Hoje, cada dia mais eu vejo os resultados da minha curiosidade e teimosia, das escolhas que fiz e das atitudes que tomei. A criança curiosa e inconformada encontrou o seu espaço. E um dos melhores sentimentos que tenho é poder dizer que estou cheia de trabalho. Cheia de tradução.

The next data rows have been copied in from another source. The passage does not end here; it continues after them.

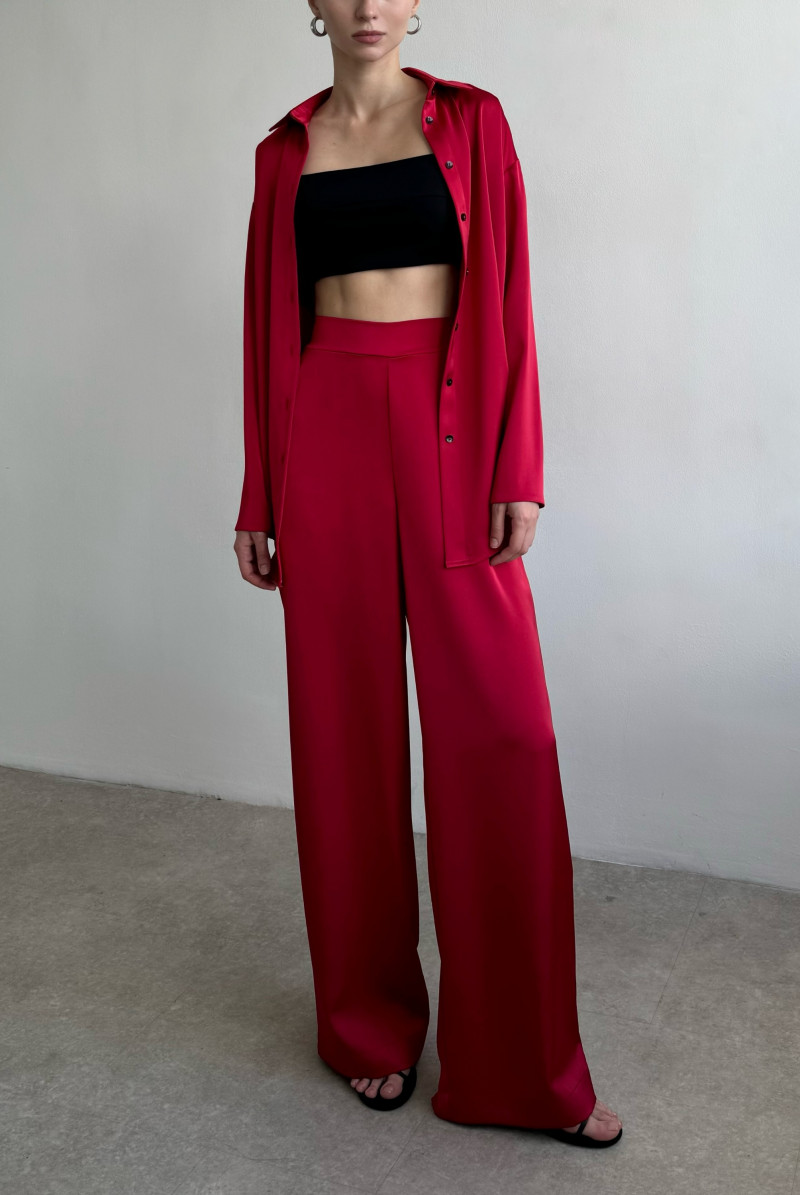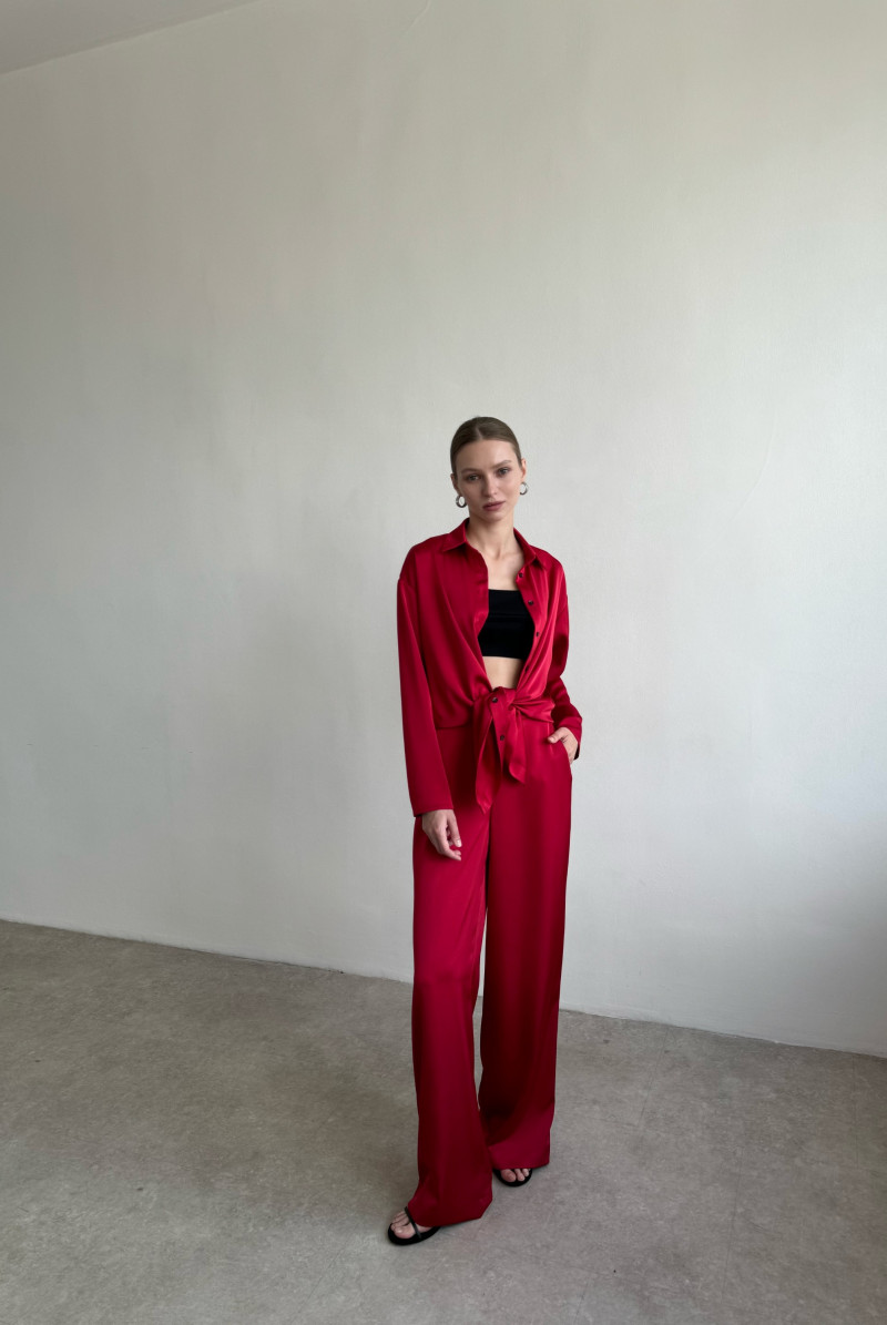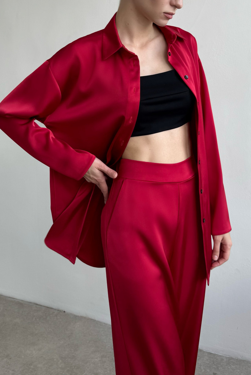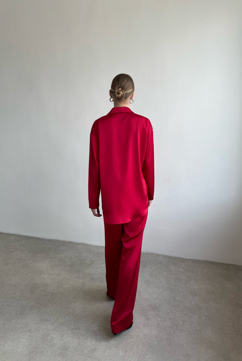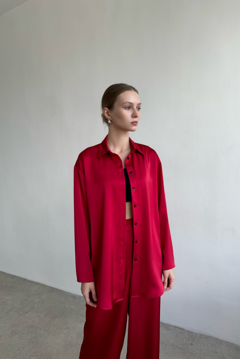 Свободная рубашка с длинным рукавом, фигурная линия низа, спущенная линия плеча. Воротник рубашечный на стойке. Застежка на пуговицы спереди.
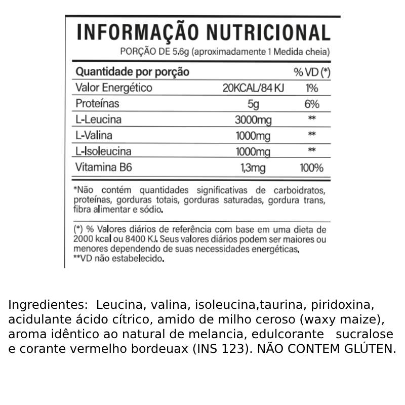 <p>A <strong>BCAA Real da Canibal Inc</strong> é um suplemento alimentar em pó, com sabor de melancia. A composição foi desenvolvida a partir da combinação dos aminoácidos leucina, isoleucina e valina com a vitamina B6 e o Waxy Maize.</p>_x000D_ <h2><strong>Sobre os ingredientes:</strong></h2>_x000D_ <p>BCAA: são aminoácidos essenciais de cadeia ramificada que contribuem com a manutenção e recuperação da musculatura e tecidos, reduzindo a fadiga durante a prática de atividades físicas intensas e melhorando a sensação de dor muscular pós treino.</p>_x000D_ <h2><strong>Sugestão de consumo:</strong></h2>_x000D_ <p>Consumir 5,6g (1 dosador) diluído em 200ml de água, ou conforme orientação do médico ou nutricionista.</p>_x000D_ <h2><strong>Motivos para escolher o produto:</strong></h2>_x000D_ <ul>_x000D_ <li>_x000D_ <p>3000mg de leucina;</p>_x000D_ </li>_x000D_ <li>_x000D_ <p>1000mg de isoleucina;</p>_x000D_ </li>_x000D_ <li>_x000D_ <p>1000mg de valina;</p>_x000D_ </li>_x000D_ <li>_x000D_ <p>1,3mg de vitamina B6;</p>_x000D_ </li>_x000D_ <li>_x000D_ <p>Baixo em calorias;</p>_x000D_ </li>_x000D_ <li>_x000D_ <p>Sabor melancia; </p>_x000D_ </li>_x000D_ <li>_x000D_ <p>Zero adição de açúcares;</p>_x000D_ </li>_x000D_ <li>_x000D_ <p>Rende cerca de 53 doses;</p>_x000D_ </li>_x000D_ <li>_x000D_ <p>Sem glúten e sem lactose.</p>_x000D_ </li>_x000D_ </ul>_x000D_ <h2><strong>A Marca:</strong></h2>_x000D_ <p>A Canibal Inc foi fundada no ano de 2017 com a missão de revolucionar o mercado de suplementos alimentares, a empresa trabalha com produtos focados em bem-estar, emagrecimento, ganho de força e aumento de massa muscular. Cada produto é desenvolvido com base em pesquisas e uso de matéria prima premium, trazendo ciência aliada a alta performance.</p>_x000D_ <p> </p>
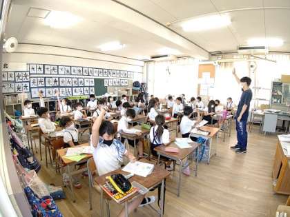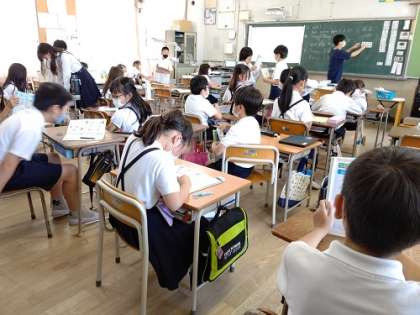 英語で、「どんな遊びをしたい友だちが何人いるかたずね合い、表に書こう。」の学習をしています。
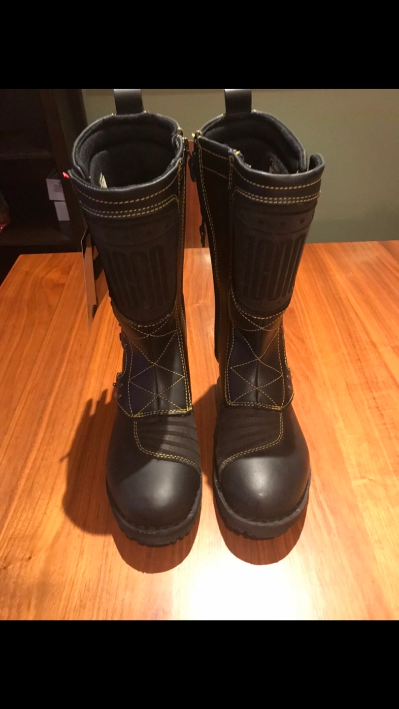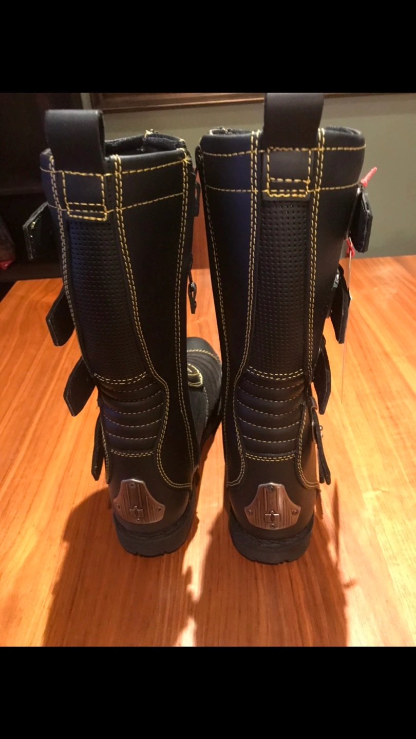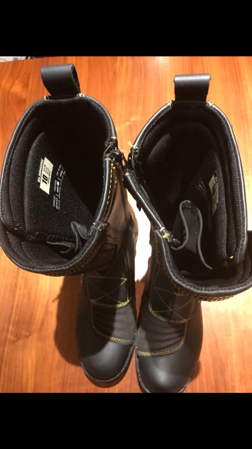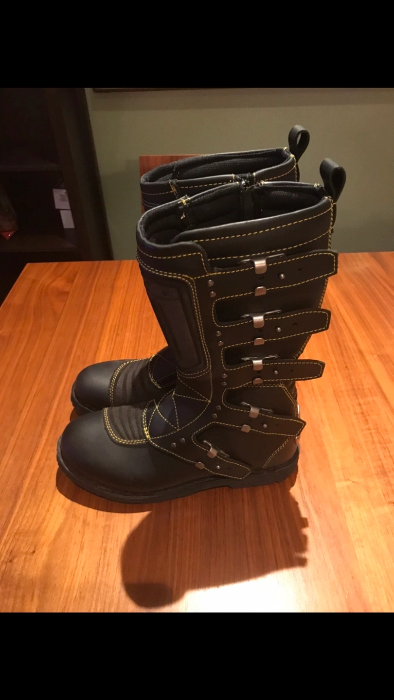 (Brand New) snowboard & motorcycle boots, size 10. Jet Black. *(snowboard is not included) Stand out from the crowd on your favourite ski slopes with this beautiful genuine treated real leather boots. Comfort and stylish design will have you proud and satisfied on your snowboarding & motorcycling. *New one sells in store for minimum $300+tax.
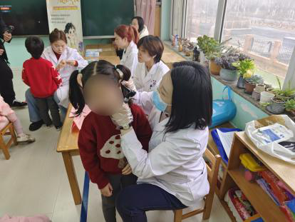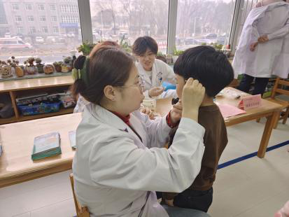 结合医院中医特色优势,理疗师现场为教师与家长示范、教授中医健耳操、耳穴压豆等简单易学、安全实用的保健方法,手把手传授家庭护耳技巧。同时,医护人员为在园幼儿开展免费外耳部健康筛查,用专业服务守护儿童听力健康。
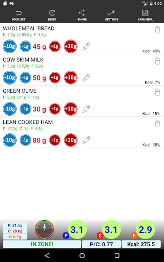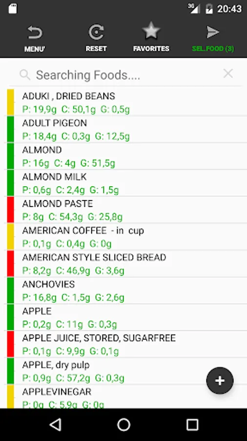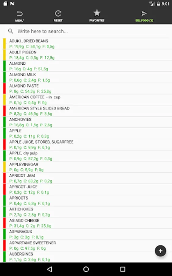 -> More than 600 foods already entered! You can also CHANGE and ADD new foods.
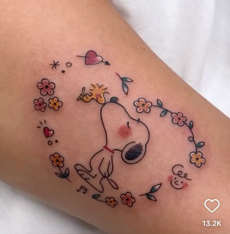If you love your tattoos a little whimsical, this design of Snoopy kissing Woodstock inside a circle of flowers and hearts feels like a tiny dream. The delicate blooms, floating hearts, and little notes give it a romantic, almost fairy-tale vibe. It’s one of those snoopy tattoo ideas for women who want something soft and feminine but still playful and not too serious. The blush on Snoopy’s cheek adds just enough emotion to make it feel intimate and sweet.
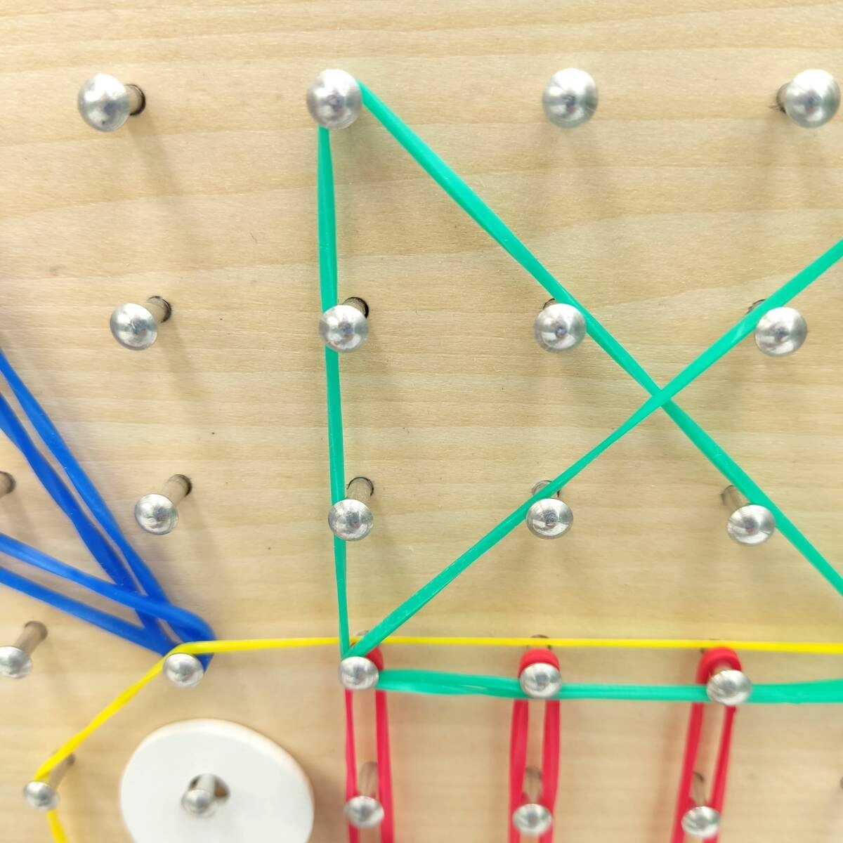 Los niños pueden crear formas geométricas básicas, aprender simetría y patrones, o diseñar imágenes únicas. El Geoboard también es una excelente herramienta para enseñar conteo y medición.
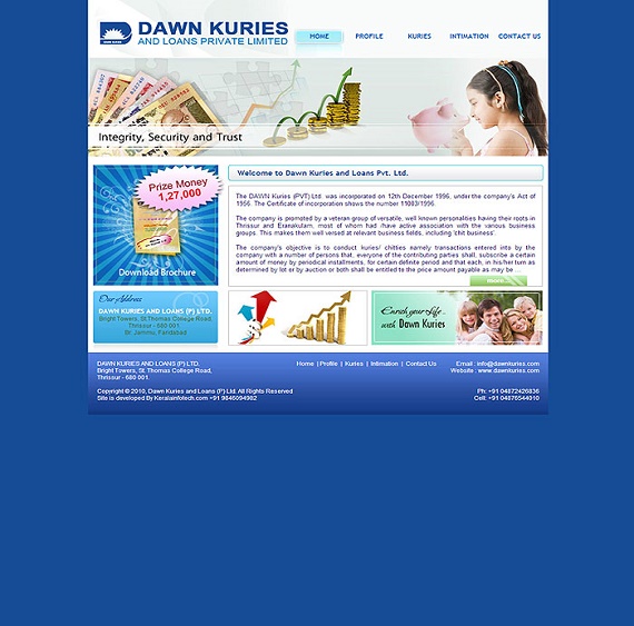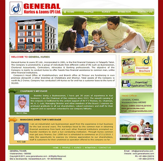 General Kuries & Loans (P) Ltd., incorporated in 1981, is the first financial Company in Talappilly Taluk. The Company is promoted by a group of individuals from different walks of life such as Businessmen, Chartered Accountants, Contractors, Advocates & Banking professionals. The objective of the Company is mainly to conduct Kuries to offer hassle free financial assistance to common man, unlike other financial institutions.
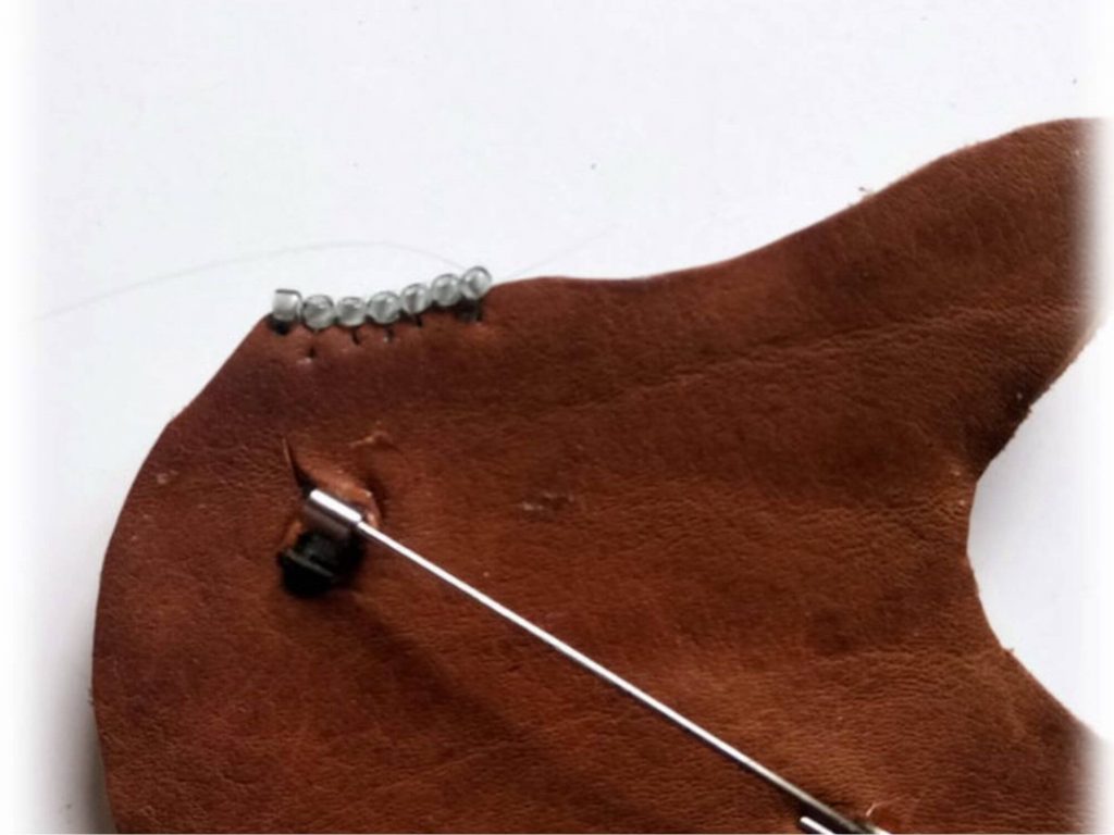 Для этого переворачиваем брошь кожаной стороной к себе, закрепляем между слоями иголку с леской и маленькими стежками пришиваем. Набираем на леску одну бисерину. Прокалываем иглой все слои, выводя её на лицевую сторону. Итак, бисеринка оказывается на изнаночной, кожаной стороне. Вводим в нее иглу и подтягиваем, бисеринка встает ровно в ряд, закрывая край.
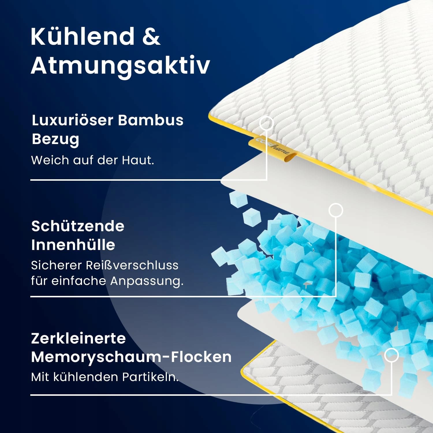 Miękka i oddychająca: Dwustronna bambusowa poduszka jest oddychająca i zapewnia optymalną cyrkulację powietrza. Temperaturowo regulujące cząsteczki żelu chłodzącego zapobiegają nadmiernemu nagrzewaniu, dzięki czemu możesz spać przyjemnie chłodno przez całą noc i nie pocić się.
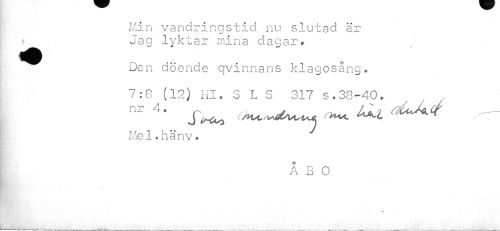 //// Min vandringstid nu slutad är > Jag lyktar mina dagar. //// ^^ Den döende qvinnans klagosång. //// 7:8 (12) Hl. SLS 317 s.38-40. //// Mel.hänv. //// I ÅBO ////
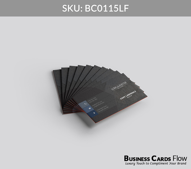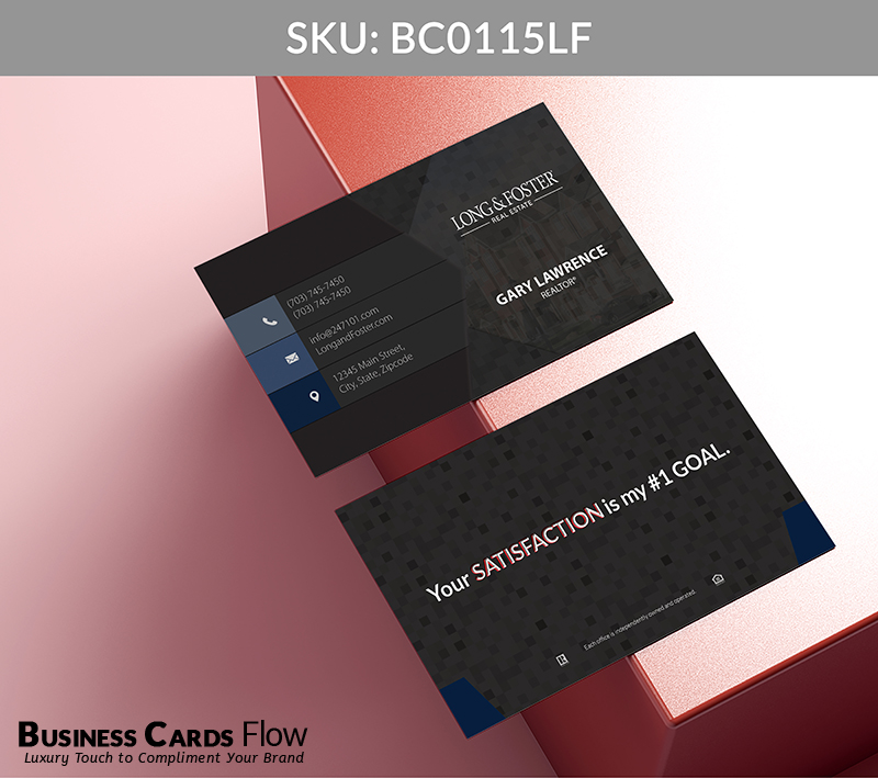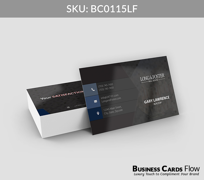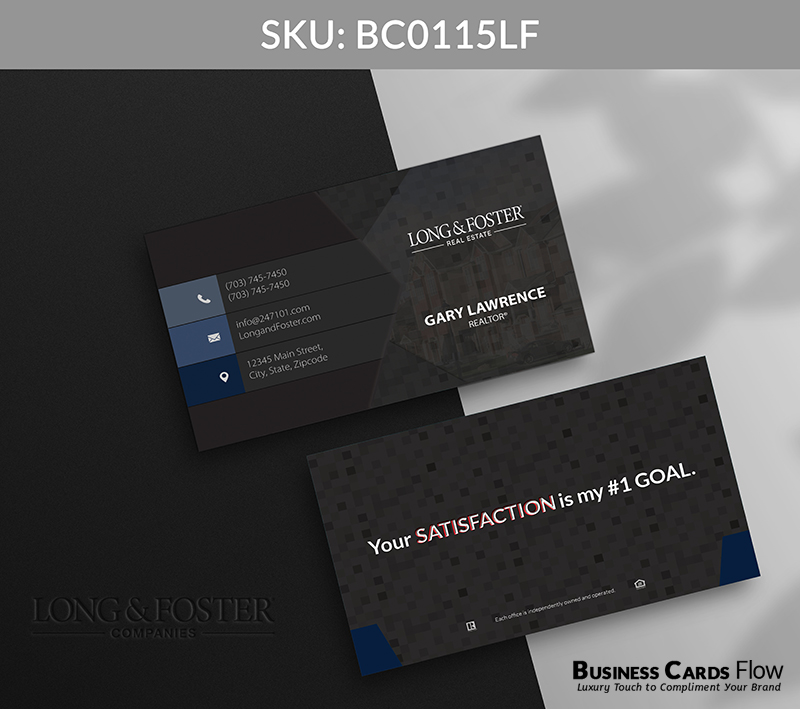 Crafted to mirror the confidence and polish of Long & Foster agents, this design ensures your name — your brand — stands boldly and memorably apart. The textured backdrop on the reverse side, paired with Long & Foster’s distinguished Blue, White, and Black color story, deepens the sense of trust, sophistication, and enduring value.

Fernanda Silveira Boito é tradutora de inglês e português, residente em Maringá. É licenciada em Letras-Inglês e Bacharel em Tradução e mestre em Letras (Tradução) pela Universidade Estadual de Maringá (UEM). Trabalha com tradução técnica e legendagem.
E-mail: fernandab@dentalpress.com.br | Skype: ferboito

Minha história: Danilo Nogueira

Foi uma das maiores humilhações que já sofri. Depois de dois anos e meio de esforços e sofrimentos, tive de passar para frente minha franquia Fisk em Porto Alegre e voltar para São Paulo. Não nasci para aquilo. Voltei com uma mão na frente e outra atrás e fui morar de favor na casa do sogro que, aliás, me recebeu muito bem. Isso foi em 1970.

Aqui, continuei na Fisk, de novo como professor, mas sabia que aquilo não era bom, porque, entre primeiro de dezembro e carnaval, não havia serviço e, portanto, não se ganhava nada.

Um dia, na secretaria da escola, me perguntaram se eu queria fazer umas traduções. Topei na hora. Já tinha feito traduções mais de uma vez na vida e não me dado de todo mal. Mesmo que tivesse, do jeito que a coisa andava, era capaz de aceitar serviço até de trapezista. Mas era um negócio da China: quatro horas por dia, de manhã, cinco dias por semana, com 50% de adicional de “aula externa”. Qualquer um que tenha ensinado em curso livre de línguas sabe que isso não se recusa.

A empresa era a Arthur Andersen, naquela época a mais orgulhosa entre as firmas de auditora. Foi lá que aprendi essas coisas de contabilidade e finanças, impostos e direito societário. Virei especialista e escravo de minha especialidade. Até hoje, é o que mais faço.

Quinze dias depois, liguei para a Editora Atlas, oferecendo meus serviços. Disse que traduzia para a Arthur Andersen e, com isso e um teste pequeno, me contrataram.

Claro que eu não tinha ideia do que estava fazendo, mas a falta de dinheiro é uma excelente mestra e fui aprendendo, aos trancos e barrancos. Não era como agora. O curso da Anhanguera se chamava “Faculdade Ibero-Americana” e ainda estava começando. Tradução era geralmente considerada passatempo de intelectuais. Era tudo na base da máquina de escrever.

Conhecia poucos tradutores e a gente não trocava informações, por medo da concorrência. A Internet mudou tudo isso. Comecei a participar ativamente de troca de informações logo que foi liberada para uso de particulares, lá para 1995. Participava da trad-prt quando ainda era no IF da USP e mais caia do que funcionava. Logo depois do ano 2000 já estava dando cursos a distância. Nunca parei.

A Arthur Andersen desapareceu em 2002, vítima de seus próprios erros. A Editora Atlas continua firme, mas não publica mais traduções. Eu estou aqui, no Multitude, compartilhando um pouco da minha experiência.

Danilo Nogueira, tradutor IN-PT, residente em São Bernardo do Campo, SP. Especializado em tradução na área de negócios.